Question

Match List I with List II:

List I (Regular Price and Sale Price)	List II (Discount)
(A) Regular Price: ₹65 Sale Price: ₹55	(I) 13.33%
(B) Regular Price: ₹60 Sale Price: ₹50	(II) 15.38%
(C) Regular Price: ₹70 Sale Price: ₹50	(III) 16.66%
(D) Regular Price: ₹75 Sale Price: ₹65	(IV) 14.29%

Choose the correct answer from the options given below:

• A. (A)-(III), (B)-(IV), (C)-(I), (D)-(II)
• B. (A)-(II), (B)-(III), (C)-(IV), (D)-(I)
• C. (A)-(II), (B)-(I), (C)-(III), (D)-(IV)
• D. (A)-(III), (B)-(I), (C)-(IV), (D)-(II)

Answer 1

The Correct Option is B

The formula for calculating the discount percentage is:

\[ \text{Discount Percentage} = \frac{\text{Regular Price} - \text{Sale Price}}{\text{Regular Price}} \times 100 \]

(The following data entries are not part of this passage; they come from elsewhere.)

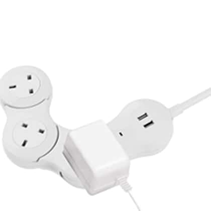 Quirky Pivot Power Strip with 3 x 3 Pin Plug Sockets and 2 USB Sockets
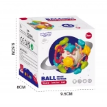 Vďaka kompaktnému tvaru sa guľôčka ľahko uchopuje, rozvíja jemnú motoriku a učí dieťa spoznávať tvary, farby a štruktúry. Odolné materiály bez ostrých hrán a možnosť ľahkého umývania z nej robia ideálnu voľbu na každodenné hranie doma aj na cestách.
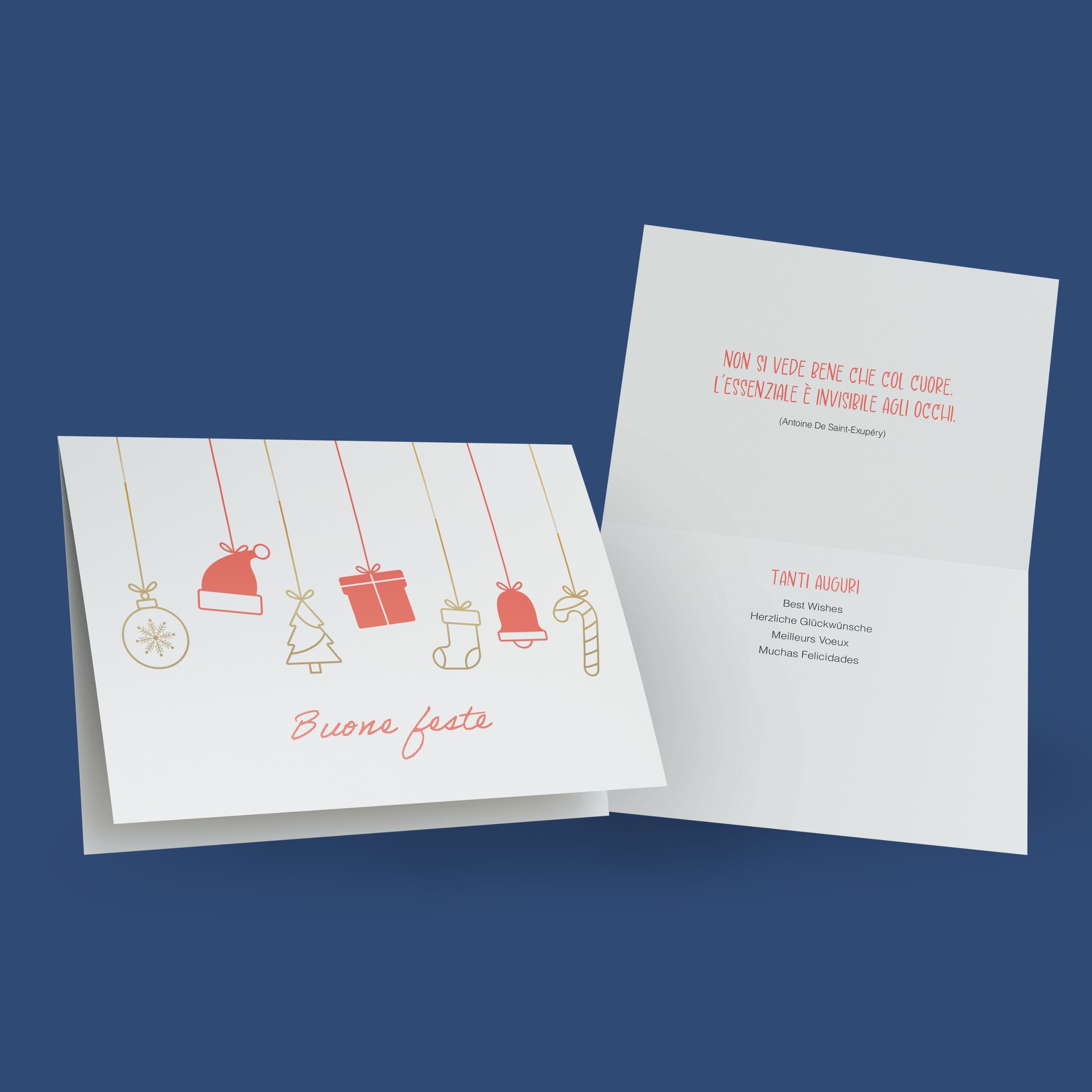 Inoltre questo biglietto di auguri è impreziosito da una stampa dorata e personalizzabile con il logo aziendale* e completo di busta.
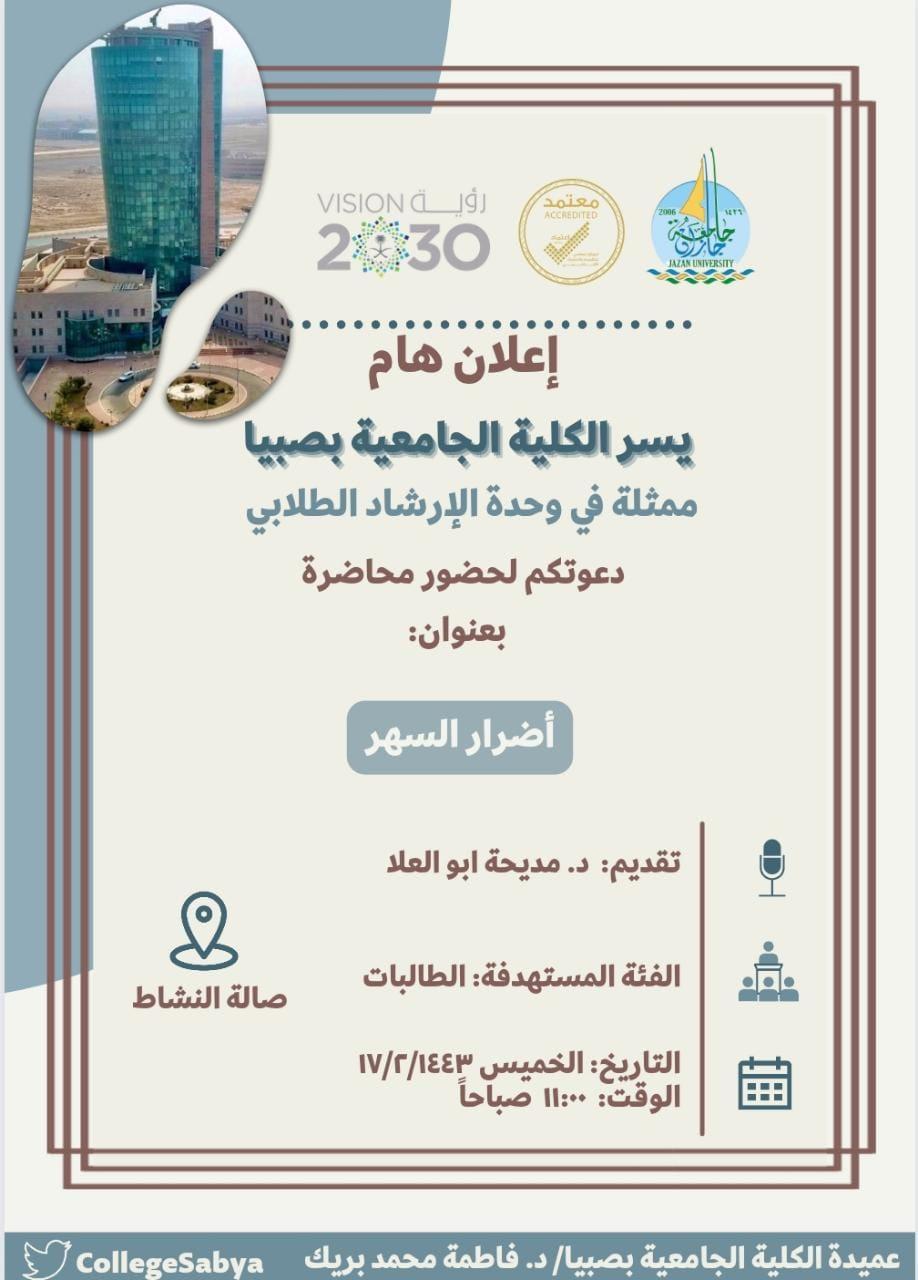 ندوتي النماذج الإرشادية وأضرار السهر في الكلية الجامعية بصبيا

• For option (A): \[ \text{Discount Percentage for A} = \frac{65 - 55}{65} \times 100 = \frac{10}{65} \times 100 = 15.38\% \]
• For option (B): \[ \text{Discount Percentage for B} = \frac{60 - 50}{60} \times 100 = \frac{10}{60} \times 100 = 16.66\% \]
• For option (C): \[ \text{Discount Percentage for C} = \frac{70 - 50}{70} \times 100 = \frac{20}{70} \times 100 = 28.57\% \]
• For option (D): \[ \text{Discount Percentage for D} = \frac{75 - 65}{75} \times 100 = \frac{10}{75} \times 100 = 13.33\% \]

Thus, the correct matches are:

(A) – (II), (B) – (III), (C) – (IV), (D) – (I).